China will be present with 426 exhibitors. The latest South American knowhow will be showcased through Guatemala, a country that has placed the textile industry at the heart of its economic boom. The show contributes to the competitiveness of apparel and accessories manufacturers.

The Southern India Mills' Association (SIMA) has welcomed the government order on sale of cotton stocks with the Cotton Corporation of India (CCI) to MSME spinning mills registered with the office of the Textile Commissioner. Thanking the Union Textiles minister for addressing the concerns of spinning sector that is already burdened with over capacity and reeling under rising prices of stock, the Secretary General of SIMA, Dr K Selvaraju expressed hope that the government would make the order permanent so as to limit the sale of CCI cotton stocks to spinning mills directly.

The industry body described the government order to this effect as proactive and said that the move would bring about stability in cotton prices during off season as well as satisfy the raw material requirement of small spinning mills.

Meanwhile, chairman of SIMA, M Senthilkumar advised spinning mills against resorting to panic buying. He said cotton prices would soften with the availability of 43 lakh bales of closing stock estimated by the Cotton Advisory Board (CAB) and imported cotton already contracted by some millers. Senthilkumar says, cotton imports in the next three months might exceed 15 lakh bales as large number of mills had already contracted for imports with African countries and Australia.

Giving the backdrop against rising prices, the release noted, that the spot price of benchmark cotton variety Sankar-6 which was ruling at Rs 33,000 per candy of 355 kg during first week of April 2016, had increased to Rs 34,700 per candy by the month end. It then further increased to Rs 36,800 by the end of May 2016 and to Rs 42,700 by the end of June. In July, prices had touched Rs 48,000 per candy, an increase of over 45% over the last three months. This translated into an increase of Rs 60 per kg of clean cotton cost used for combed count yarns.

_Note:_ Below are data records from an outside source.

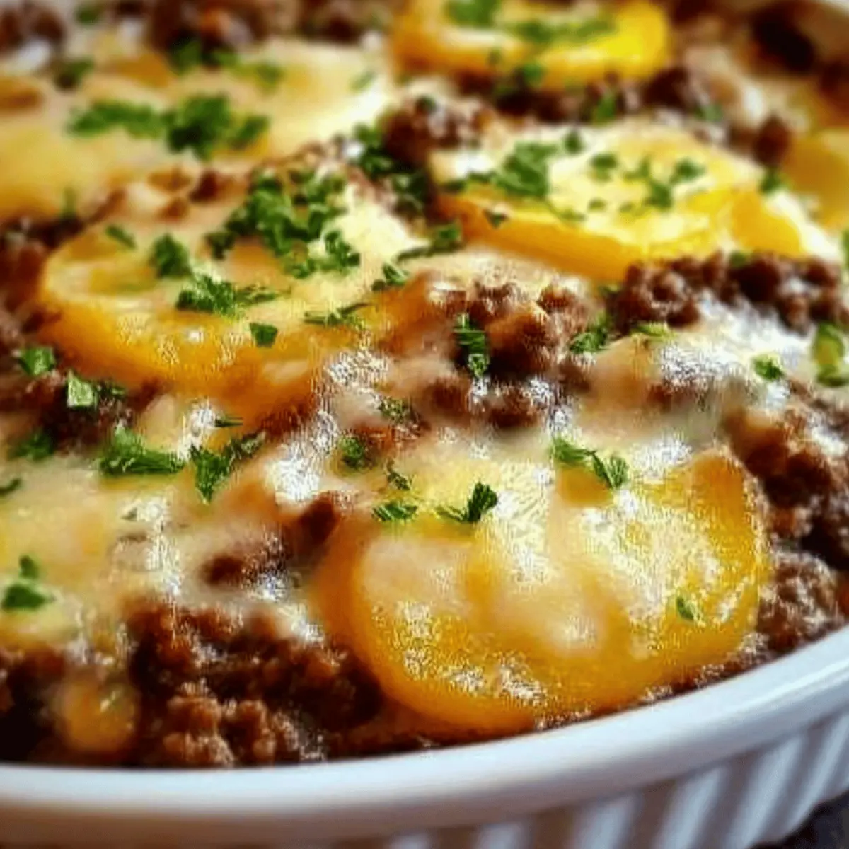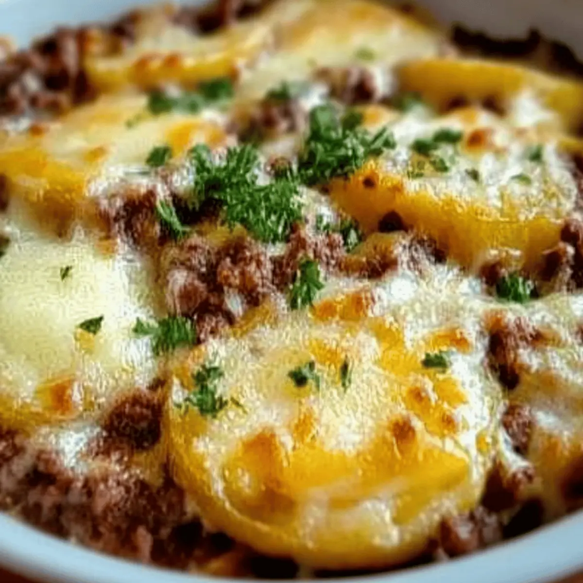 Comforting Delight: This Cheesy Potato Beef Bake combines warm, tender potatoes with a rich beef filling, offering a delightful hug in every bite.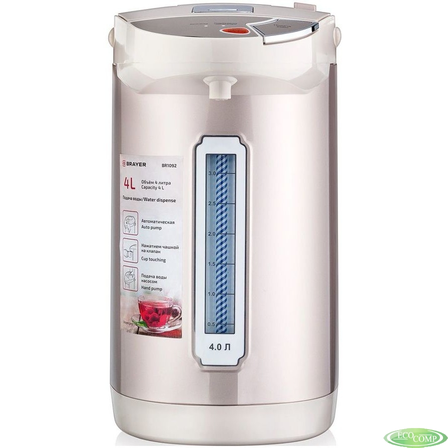 BRAYER 1092BR Термопот ,900 Вт, 4 л, 3 спос.подач.воды,поддерж.темпер,блокировка, повтор кипяч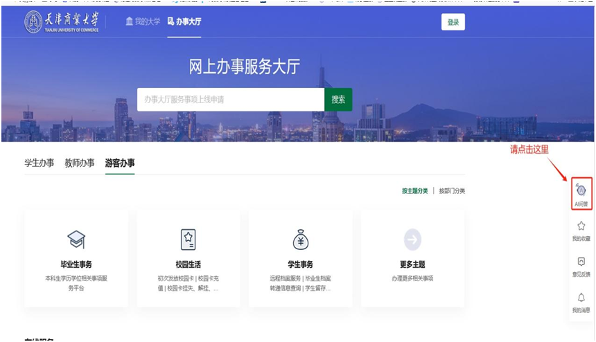 目前“天商百事通”已成功對接到企業微信和網上辦事服務大廳中,師生可以通過上述兩種途徑進行訪問使用,具體使用方式如下:
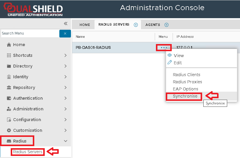 After waiting a couple of minutes for the DualRadius service to start, Log in to the management console, then navigate to "Radius | Radius Servers".
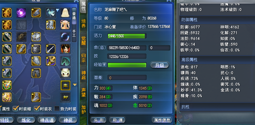 满速度太初,毒套秒伤2w,全6级/7级的4条妙手/双回避天魄,完封伤害防护,扶桑狐狸可交易,包里2个艳流彩,提点化炼化道具,半个笔7碎片,2w5炼化声望6000天域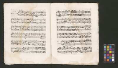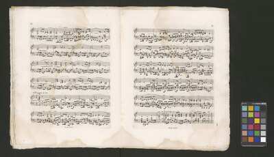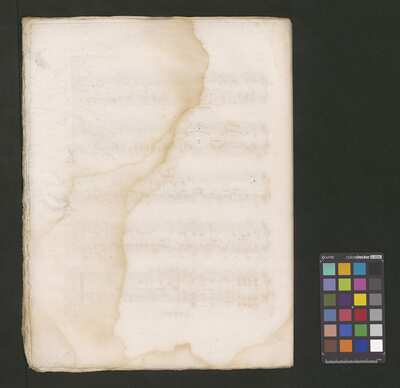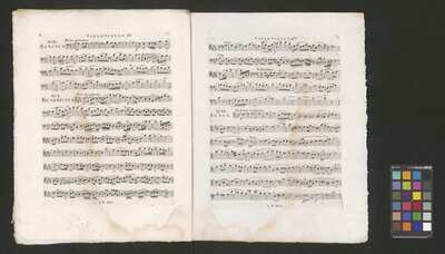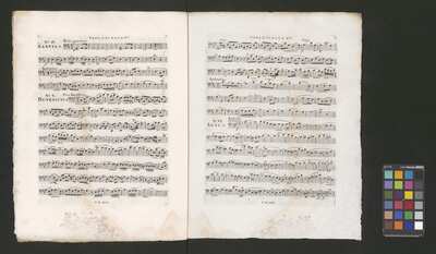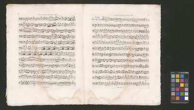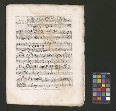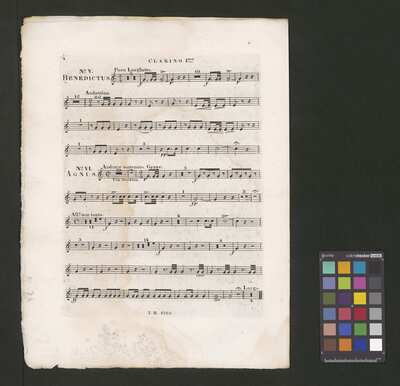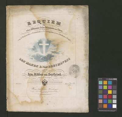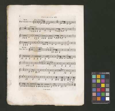 At the title page bookseller's stamp: "Marco Berra" and old shelfmark "59/1"., Material: 52 + 2 f., Auf dem Titelblatt aufgeklebt gedrucktes Etikett: "Stuttgart, bei G. A. Zumsteeg.", [pl-text: Brak partii T1, T2, B1; w druku zachowana jedynie partia B2.], [pl-text: Do druku dołączone spisane ręcznie partie vla 1 (6f.) i vla 2 (6f.); spisane przez jednego kopistę. Foliacja na kartach naniesiona ołówkiem.], [pl-text: Na karcie tytułowej rozmazana czarna owalna pieczęć (widoczna także na pierwszej stornie partii B2). W prawym górnym rogu ołówkiem naniesiony numer "141". Pod nadrukiem sugerującym cenę czerwonym ołówkiem naniesione "24.".], [pl-text: Pieczęć: „ARCHIWUM I BIBLIOTEKA”, „Krakowskiej Kapituły Katedralnej” wraz z wpisaną ołówkiem sygnaturą na odwrocie karty tytułowej. Pieczęć: „CATH. CRAC. * ARCH. CAPIT.” na pierwszej lub drugiej stronie każdej partii (w przypadku partii spisanych na f. 1r).], [pl-text: Na pierwszej stronie każdego głosu naniesiona ołówkiem sygnatura.], [pl-text: Większość kart druku nosi ślady zalania, na niektórych widoczne ślady pleśni.]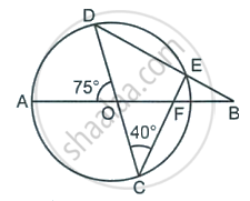 In the given figure, AB and CD line segments pass through the centre O of the circle. If ∠OCE = 40°, ∠AOD = 75°, find ∠CDE and ∠OBE.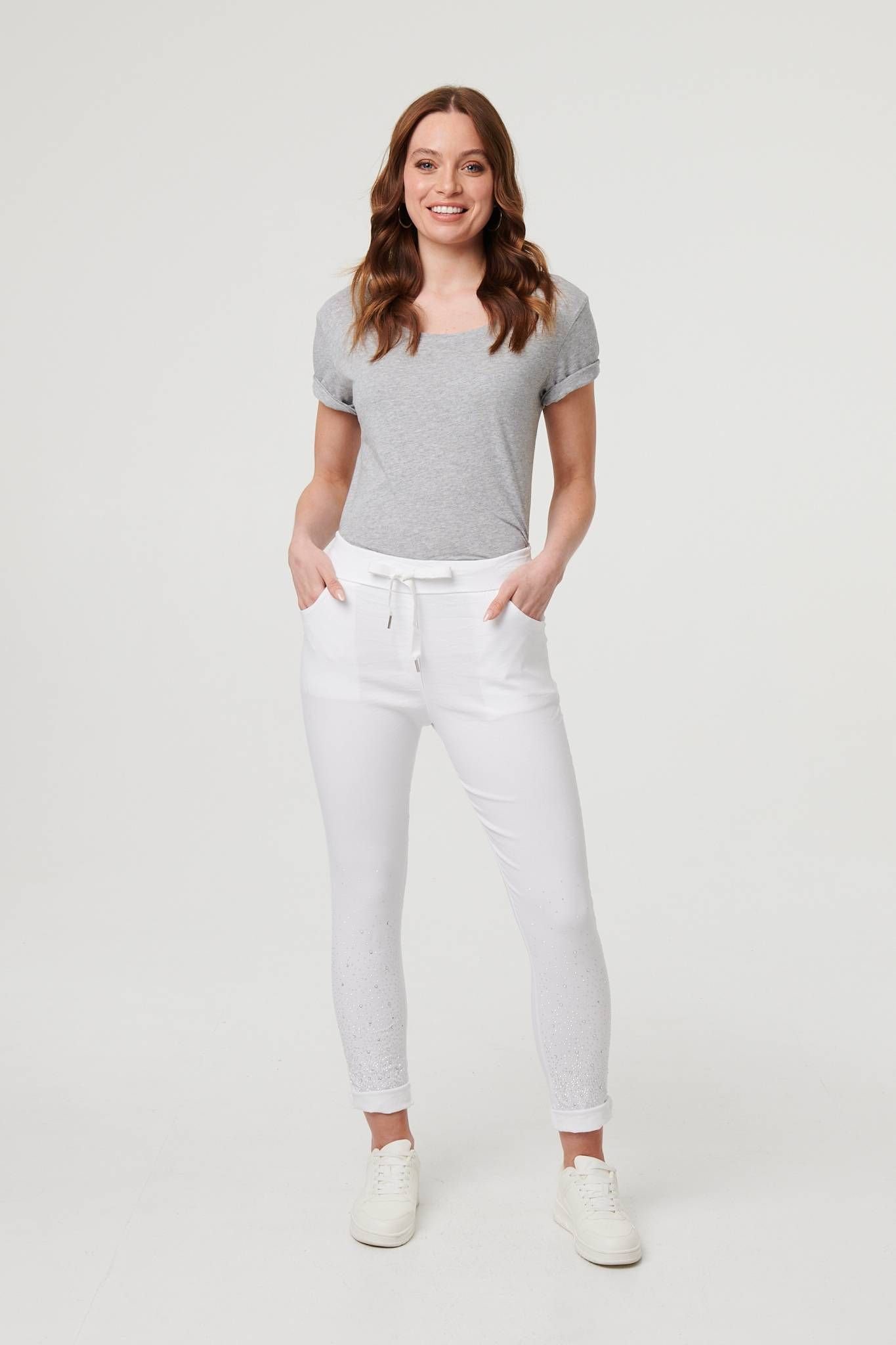Stylish white slim cropped trousers with a sparkly diamante detail around the turn-up hems. They feature a tie waist for a perfect fit and include pockets for convenience. Ideal for a casual yet elegant look.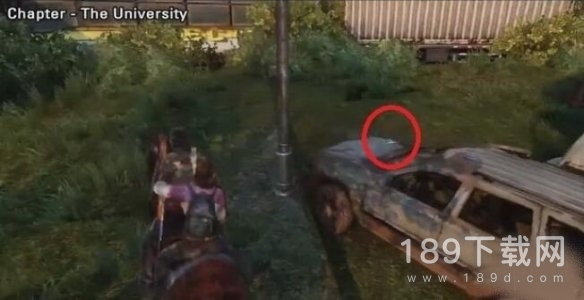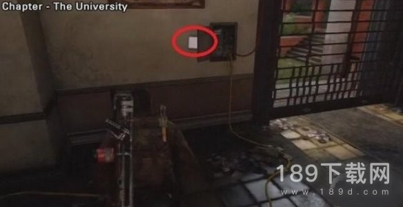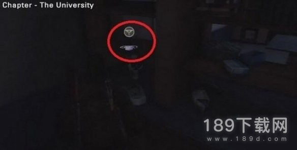 进入大学后穿过第一个空地,在下一个区域的右侧有一个车库,里面有工作台,上楼到顶层,进入阳台,拐角的地面上。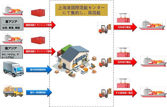 上海における国際混載トランシップサービスは、スペースの確保が難しい仕向地への出荷がある顧客へ、世界各国で500以上の航路がある上海の港を活用し、東南アジアをはじめとした各国からのトランシップ貨物と中国国内の輸出貨物を効率的に積載することで、リードタイムの短縮とコストの低減を実現するサービス。従来、上海でトランシップ(コンテナを積み替え、再混載を仕立てる)する場合、フォワーダーの保税倉庫で積み替え作業を行う必要があり、貨物の移動と、税関手続きに時間がかかっていた。NX中国は、SIPGLと協業し、フォワーダーの保税倉庫を経由せずに上海CYに隣接するSIPGLの専用倉庫を利用する新たなトランシップサービスを開発。トランシップに関わるリードタイムの短縮とコストの低減が可能となった。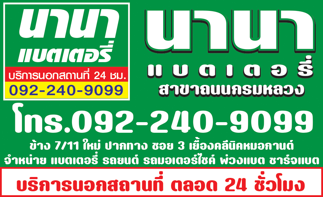 นานาแบตเตอรี่ ถ.กรมหลวง เปิดให้บริการทุกวัน ไม่มีวันหยุด 08.00 น. - 21.00 น. นอกสถานที่ 24 ชั่วโมง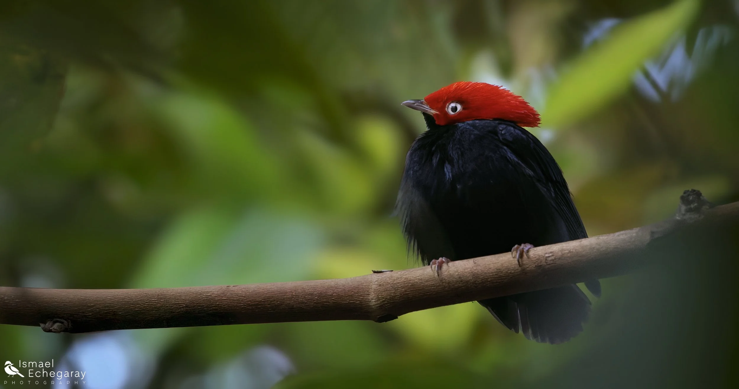 Los Manakins no son necesariamente difíciles de fotografiar, sino que requieren estar en el momento exacto. En la foto un Red-capped Manakin en una mañana muy tranquila

The Southern Gujarat Chamber of Commerce and Industry (SGCCI) has sought financial assistance of Rs 400 crores from the Ministry of Textiles for setting up a state-of-the-art textile processing cluster at Pinjrat village in Olpad taluka of Surat district. SGCCI office-bearers submitted a letter to textile commissioner Kavita Gupta demanding a financial assistance of Rs 400 crores for the proposed textile processing cluster to be developed on 50 lakh sq. mt. of land at Pinjrat. With the total project cost for the cluster is pegged at Rs 800 crores, the SGCCI wants 50 per cent of the grant from the central government and 25 per cent each from the state government and the industry.

The SGCCI and some textile processors in Pandesara and Sachin industrial estates have come up with this ambitious project that would house around 100 dyeing and printing mills with state-of-the-art technology at Pinjrat. A proposal for allotment of government land at Pinjrat is under consideration of the Gujarat government.

According to SGCCI president B S Agarwal, the ambitious project will boost manufacturing capacity and quality of textile processing sector in Surat. At present, only eight to 10 textile processing units manufacture finished fabrics as per the requirement of the garmenting sector while the rest lack technical know-how. The SGCI wants to set up a processing cluster having big units with hi-tech technology and up gradation.

There are around 400 textile processing centres in Surat and Palsana of which 5 per cent are manufacturing finished fabrics for the garmenting sector, the others are manufacturing fabrics like saris and dress materials, home textiles among others. Agarwal further said that the textile processing units will be connected with a common boiler system thereby discouraging the use of chimneys emitting pollution. There will be a set-up for wind power and solar power generation, common drainage, CETP plant, tertiary treatment plant and other state-of-the-art facilities.